* EXERCISE PROMPT
Starting at the line that contains "Click on Submit", output each line exactly as written through the end of the listing below, but leave out the pictures.

─── DATA BELOW ───

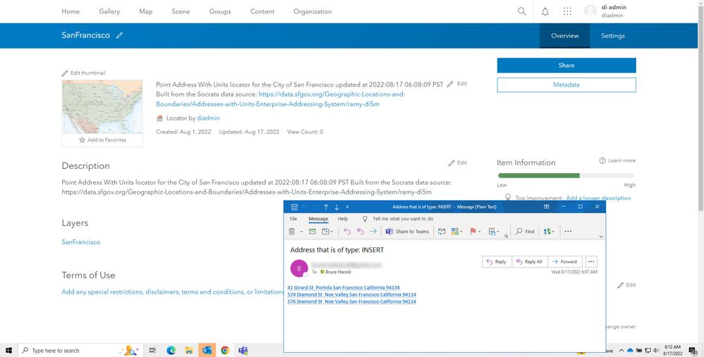 My example scenario happens to be about maintaining a portal locator (i.e. geocode service), a very common foundational service, but read between the lines and picture your full suite of services under continuous management no matter how the data powering them changes. Of course, you don't have to be maintaining a service, your web tool may be doing any sort of geoprocessing.
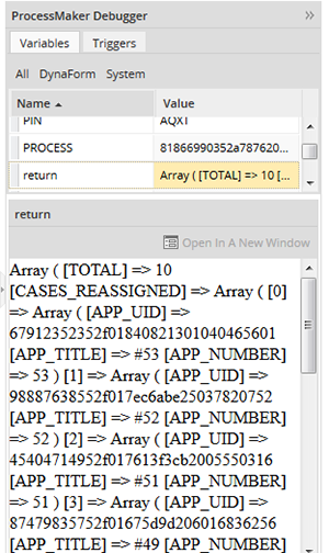 Click on Submit button, and if you have the debugger enabled, inside the return variable, you will see the number of reassigned cases and their corresponding information:
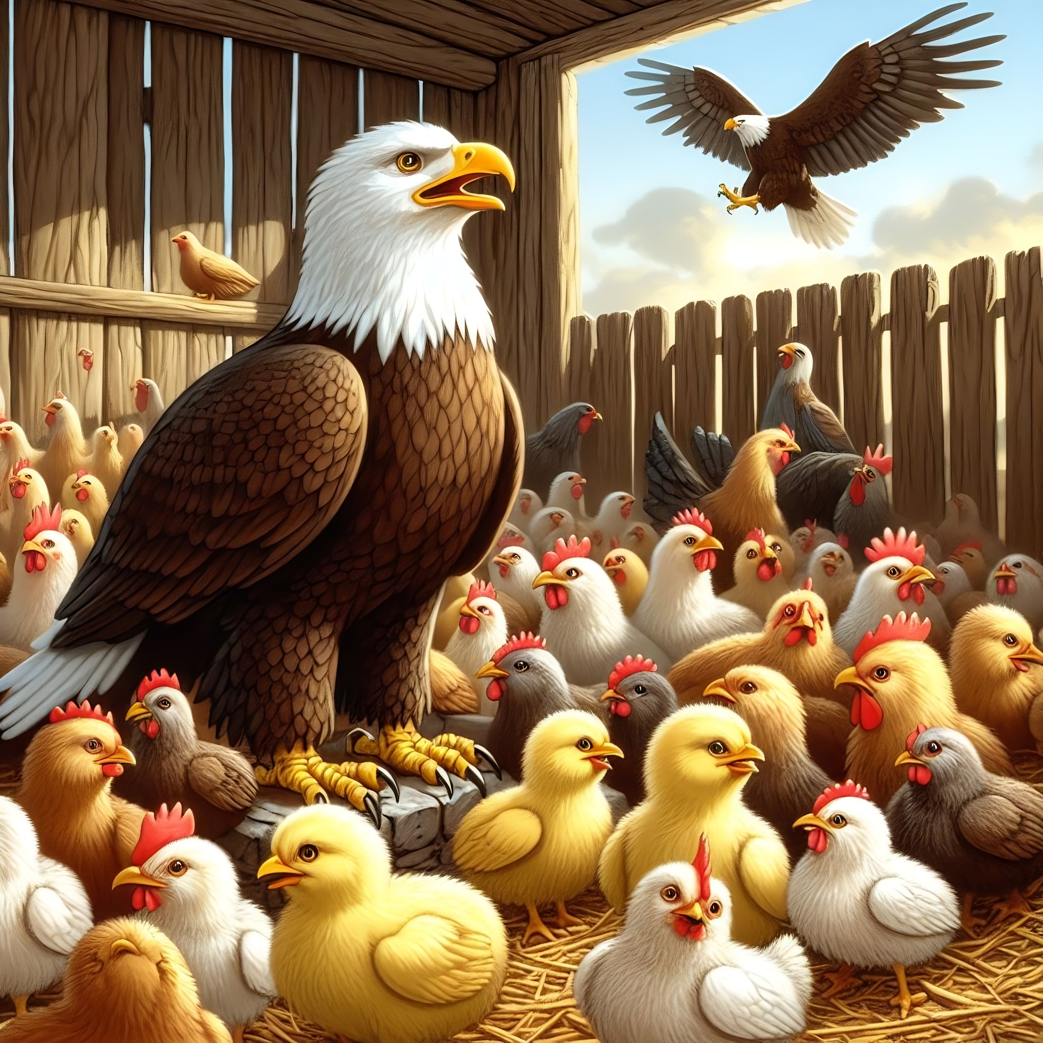 Una vez, un hombre encontró un huevo de águila y lo puso entre los de las gallinas. El aguilucho creció junto con los polluelos. Como ellos, cloqueaba y arañaba el suelo, buscaba gusanos, batía las alas e intentaba volar. Un día, ya águila adulta, vio un pájaro orgulloso en el cielo. El pájaro volaba batiendo sus enormes alas.

───

* ANSWER TO THIS EXERCISE
 Click on Submit button, and if you have the debugger enabled, inside the return variable, you will see the number of reassigned cases and their corresponding information:
 Una vez, un hombre encontró un huevo de águila y lo puso entre los de las gallinas. El aguilucho creció junto con los polluelos. Como ellos, cloqueaba y arañaba el suelo, buscaba gusanos, batía las alas e intentaba volar. Un día, ya águila adulta, vio un pájaro orgulloso en el cielo. El pájaro volaba batiendo sus enormes alas.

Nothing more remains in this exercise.